LAUNCH PARTY PANEL on NOV 11, 3PM. FREE. This Is not a reading series. GLADSTONE HOTEL BALLROOM, 1214 QUEEN W.
Like any good environmentalist, GreenTOpia (Coach House, 256 pages, $24.95) abhors decadence. Readers drawn to the previous uTOpia volumes — pop-critical anthologies that captured Toronto’s post-millennial kudzu of creativity and civic pride in various plans of action, think pieces and dreamy visions — for the essays about popular indie-rock message boards and cool cartographical fantasies may grimace when they crack open this one to a 10-page essay about retrofitting suburban high-rises. Flights of fancy are a carbon nightmare, after all.
The good news is that the book’s policy-oriented austerity eliminates two of the previous TOpias’ biggest shortcomings: downtown-centrism and a weakness for airy, insubstantial visions. As the introduction (or “inTrOducTiOn”) says, “we wanted specificity,” and they meant it: the book includes a 56-page-long directory that covers every green subject under the sun. GreenTOpia is the closest practical-minded enviro-nerds will ever come to a revolutionary program.
Granted, Pasha Malla’s opening rallying cry is a bit of a false start, as it alternates between priggishness (“Like most people, at least those not directly profiting from the plundering of the Earth, I am concerned about the environment”) and strained humour (including an excruciating Justin Timberlake pun). But the book soon eases into a natural rhythm, with longer thoughts and proposals for Toronto’s sustainability sandwiched between briefer blips and notions. Jacob Allderdice sketches out an alternative to misconceived car-free zones in a couple of pages: just ratchet up the density of the street to match the buildings surrounding it, so that everything moves at the speed of bike.
In a typically cogent piece, John Lorinc explains how the energy-hogging suburbs could become a launching pad for solar power on a grand scale. Amy Lavender Harris and Peter Fruchter’s meditation on dumpster diving occasionally lurches into overwrought hectoring about consumerism. Still, they make a good point about the class issues surrounding garbage picking, suggesting that smug bohos who shop for curbside scores have a lot to learn from the marginalized capitalists who scrape together a subsistence-level living by illegally scavenging for scrap metal and bottles to resell. (Read an excerpt from this essay on page 8.)
Replacing artsy types with urban and environmental theorists grants GreenTOpia a rigorous focus, but it also occasionally leads to dull prose. The shorter pieces in particular often read like boiled-down press releases or grant applications. And there are not a lot of laughs — I thought Anna Bowness might be pulling a Swift one in her description of the “diaper-free” movement, but no, there really are people vying to save the planet with supernatural precognition of the exact moments their spawn plan to shit all over the floor. The idiosyncratic outbursts from The State of the Arts, like Kate Carraway’s bourgeois confessional or Carl Wilson’s enormous essay on “participatory art” are sorely missed.

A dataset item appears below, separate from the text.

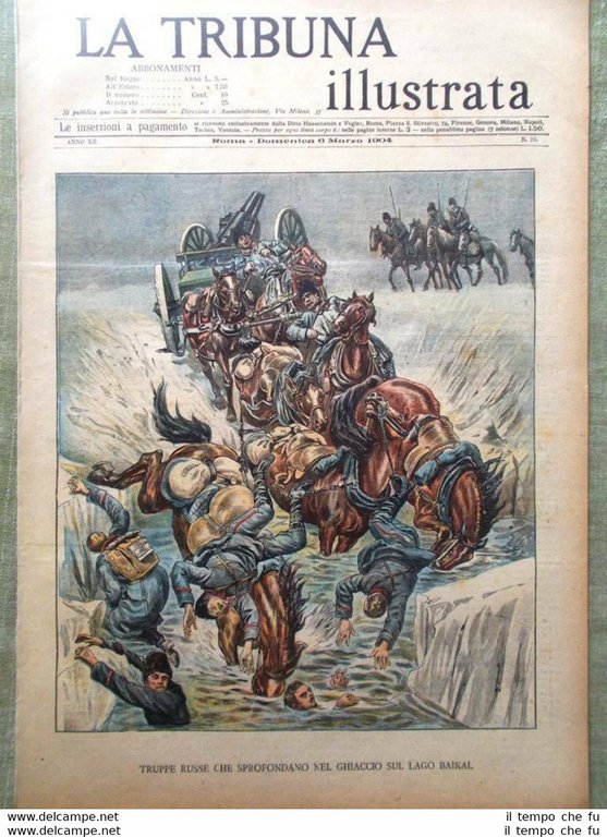 La Tribuna Illustrata Rivista originale del 6 Marzo 1904 Anno 12 - N. 10 Rarità per appassionati e collezionisti Seguono solo alcuni dei fatti descritti, illustrati e fotografati all'interno Illustrato in copertina (segue foto): Truppe russe che sprofondano nel ghiaccio sul lago Baikal Illustrato nella retro copertina (segue foto): La guerra nell'estremo oriente - uno scontro sul fiume Jalu Nelle pagine interne: La tariffa del matrimonio Scene dell'emigrazione In caso di un reduce d'Adua Un monumento a Cavallotti a Palermo La guerra tra la Russia e il Giappone Orribile assassinio in un treno Corriere agrario .e tanto altro ancora! Qualora vogliate maggiori delucidazioni contattateci In questo negozio troverai un'intera categoria dedicata alle Tribune Illustrate, sotto il link diretto alla collezione: Riviste disponibili Cliccaci sopra, troverai di certo ciò che cerchi! La Tribuna Illustrata fu un settimanale italiano pubblicato a Roma. Insieme a La Domenica del Corriere e a L'Illustrazione Italiana fu il settimanale illustrato preferito dagli Italiani nel periodo che intercorse dalla fine dell'800 all'avvento della televisione. Fondato nel 1890 come supplemento del quotidiano La Tribuna, il primo numero uscì il 6 gennaio, il formato della rivista era cm 27 x 38, un formato poco più grande del tabloid. La prima ed ultima pagina erano a colori, disegnate da pittori e incisori affermati. Ogni numero conteneva 16 pagine. I principali collaboratori furono: Luigi Capuana, Adolfo De Bosis, Alfredo Fabrizi, Gandolin, Giuseppe Giacosa, Attilio Luzzato, Enrico Panzacchi, Rastignac, Attilio Sarfatti, Armand Silvestre, Ettore Socci, Gaspare Ungarelli, Pio Vanzi, Annie Vivanti. Il Corredo iconografico fu di prim'ordine. I principali pittori, disegnatori ed illustratori furono: Basilio Cascella e i figli Tommaso e Michele, Enrico Lionne, Aleardo Terzi, Augusto Bompiani, Roberto Bompiani, Domenico Bruschi, Modesto Faustini, Rubens Santoro, Rafael Senet, Cesare Tiratelli. Tra i romanzi a puntate che vi uscirono ricordiamo: L'invincibile, di Gabriele D'Annunzio Una giovinezza, di Francois Coppée e Zia Aurelia di André Theuriet, questi ultimi due entrambi illustrati da Emile Bayard. Paypal Carta di credito Bonifico bancario Spedizione con posta prioritaria o raccomandata scelta dall'acquirente nel momento del pagamento

However, the pieces that do deviate from the policy-wonk template — Kerry Potts’ evocation of urban aboriginals, Wayne Reeves’ environmental history of “Tkaronto” (can we get an entire book about this?) — are all the more fascinating for their rooted, obstinate sense of place.
True, there are still one or two vague specks of futurist fluff floating around, but one imaginative trifle is the best thing in the whole book anyway. Cautiously optimistic despite the “collapsing shit factory” we live on, Darren O’Donnell and Marney Isaac suggest covering the Gardiner with an urban garden in the name of Toronto’s disunited Multitude and detail an entirely serious plan to do just that. It’s demented, brilliant and completely inspiring, an echo of the era when environmentalists hopped on their ships and pursued polluter fleets with the gusto of pirates. Of course we all need to make our living spaces more energy efficient and stop using disposable coffee cups, but a revolution of everyday life is empty without those weirdos who dream of a “recreated horizon” at its close.